Barry Roycroft

Personal information
- Full name: Barry Thomas Roycroft
- Nationality: Australian
- Born: 25 May 1944 (age 82)

Sport
- Sport: Equestrian

Medal record
Equestrian
Representing Australia
World Championships
| Bronze medal – third place | 1986 Gawler | Team eventing |

= Barry Roycroft =

Australian equestrian competitor, administrator, and coach

Barry Thomas Roycroft, AM (born 25 May 1944) is an Australian equestrian competitor, administrator, and coach.

Roycroft is the eldest son of Bill Roycroft, an Olympic equestrian gold medallist, and his wife, Mavis; his younger brothers, Wayne and Clarke, also competed in the Olympics. He was the reserve rider in Australia's first show jumping team at the 1964 Tokyo Games. He was selected for the 1972 Munich Olympics, but injury to another horse in his team meant that he could not compete. He competed at the 1976 Montreal Olympics in showjumping and the 1988 Seoul Olympics in eventing.
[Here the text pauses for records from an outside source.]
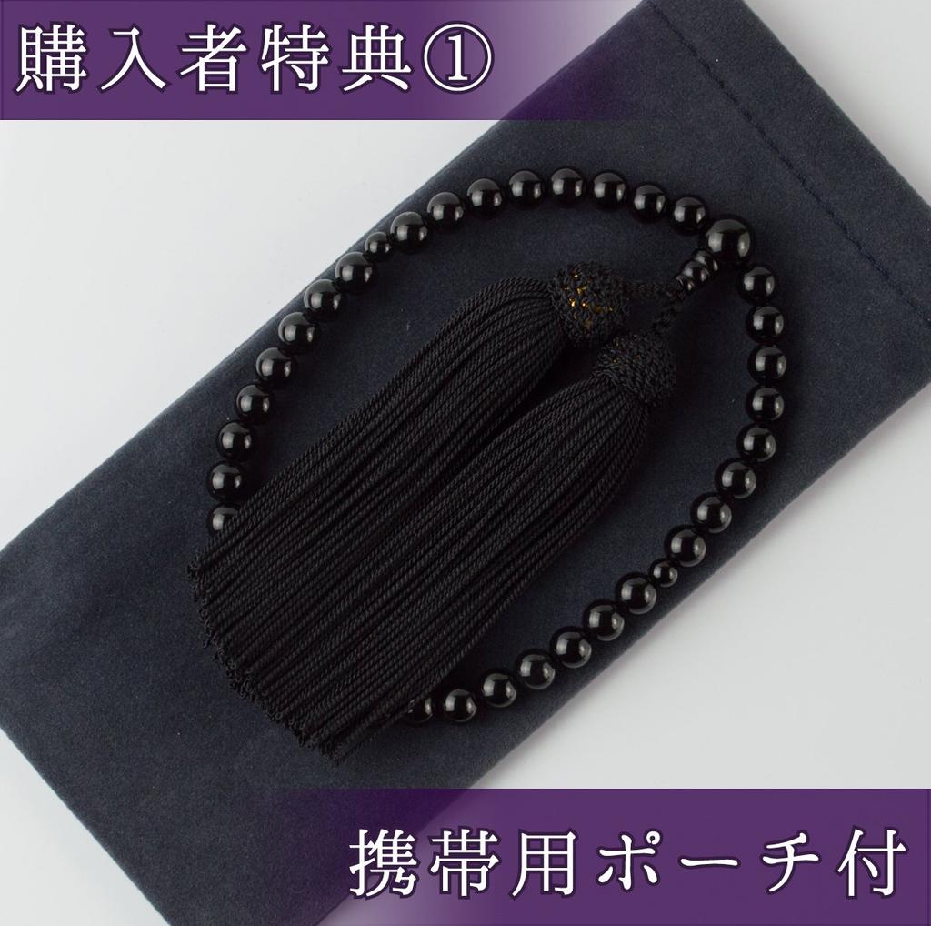 Похоронные четки из черного оникса Сато для женщин. Могут использоваться представителями всех конфессий. Сделаны в Киото с ношением вместе с четками для молитвы. Бусина года сна.
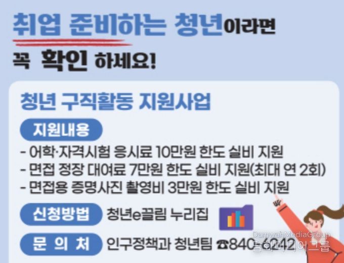 지원 항목은 ▲어학․자격시험 응시료 최대 10만 원 ▲면접 정장 대여료 7만 원(연 2회) ▲면접 증명사진 촬영비 3만 원(연 1회) 등으로, 각 항목별 기준에 따라 실비를 지원한다.
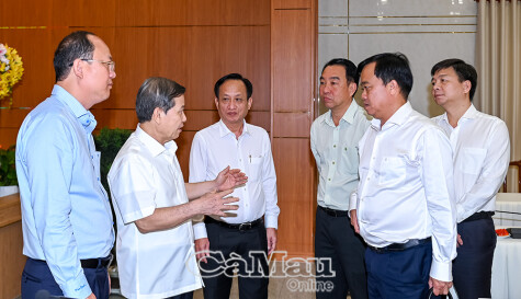 Đồng chí Lê Minh Trí, Uỷ viên Bộ Chính trị, Bí thư Trung ương Đảng, Trưởng ban Nội chính Trung ương, Trưởng đoàn Kiểm tra, giám sát số 22 của Bộ Chính trị, Ban Bí thư, trao đổi với các đồng chí trong Thường trực Tỉnh uỷ Cà Mau, bên lề buổi làm việc.

He began elite coaching in equestrian in 1983 and judging competitions in 1985, and has served on several committees relating to the sport. He set up an equestrian exchange program with Japan and founded the Lakes & Craters International Horse Trials in his home town of Camperdown in 1978. He is married to Lynne, who has also refereed equestrian events, and they have three children.

He received an Australian Sports Medal in 2000. At the 2016 Australia Day Honours he was made a Member of the Order of Australia for "significant service to equestrian sports, as an administrator, coach and competitor"; later that year he was inducted into the Equestrian Australia Hall of Fame.